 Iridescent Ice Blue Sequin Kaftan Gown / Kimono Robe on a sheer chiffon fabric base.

--------

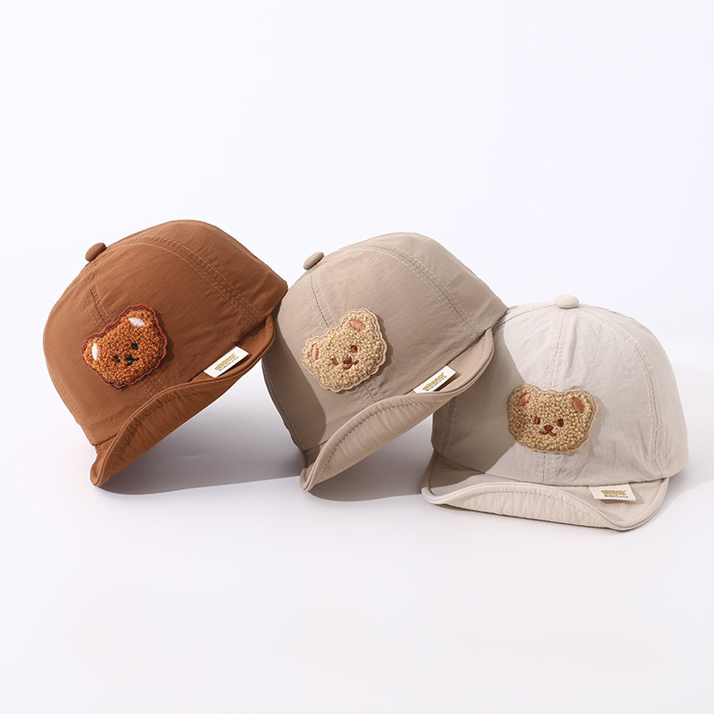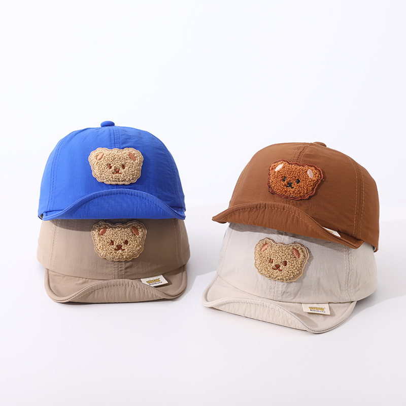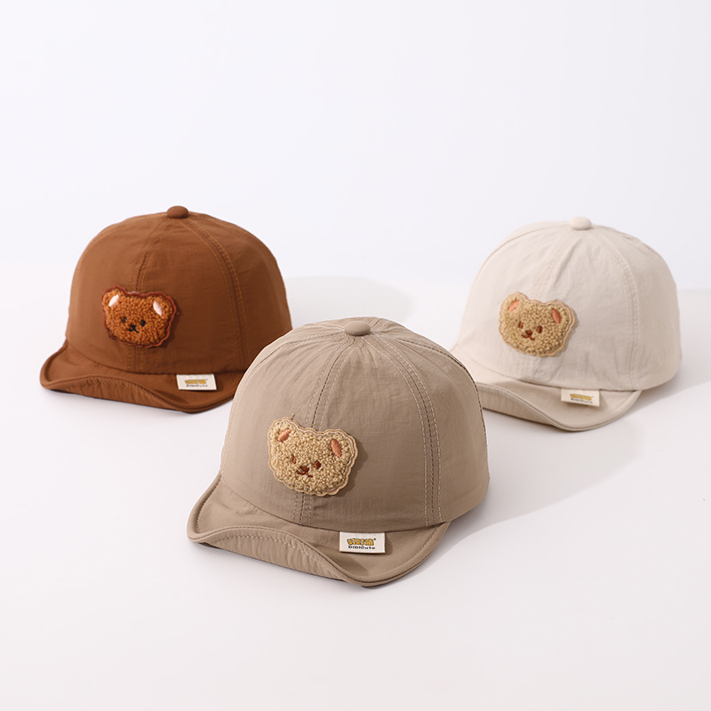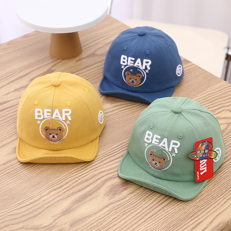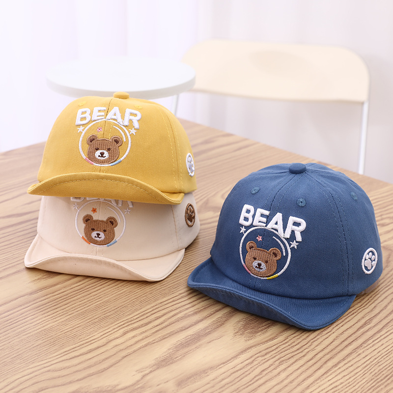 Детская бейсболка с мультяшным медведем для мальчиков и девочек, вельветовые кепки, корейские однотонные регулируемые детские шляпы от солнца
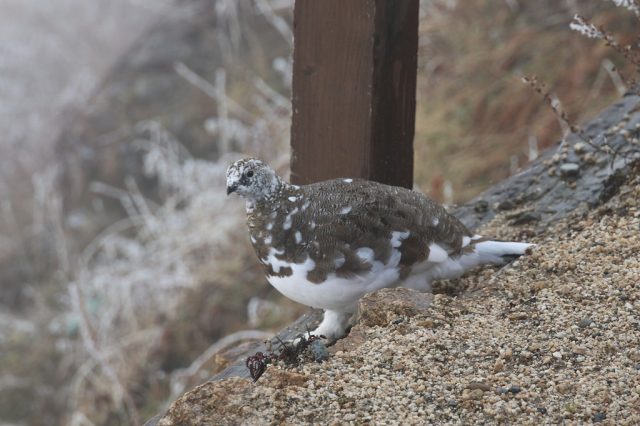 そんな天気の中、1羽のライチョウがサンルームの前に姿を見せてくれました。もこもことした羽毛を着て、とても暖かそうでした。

--------

Within the material above, find the part that opens with the line containing "Детская бейсболка с" and closes with the line containing "そんな天気の中、1羽のライチ", and reproduce it exactly without the pictures.

Expected answer:
 Детская бейсболка с мультяшным медведем для мальчиков и девочек, вельветовые кепки, корейские однотонные регулируемые детские шляпы от солнца
 そんな天気の中、1羽のライチョウがサンルームの前に姿を見せてくれました。もこもことした羽毛を着て、とても暖かそうでした。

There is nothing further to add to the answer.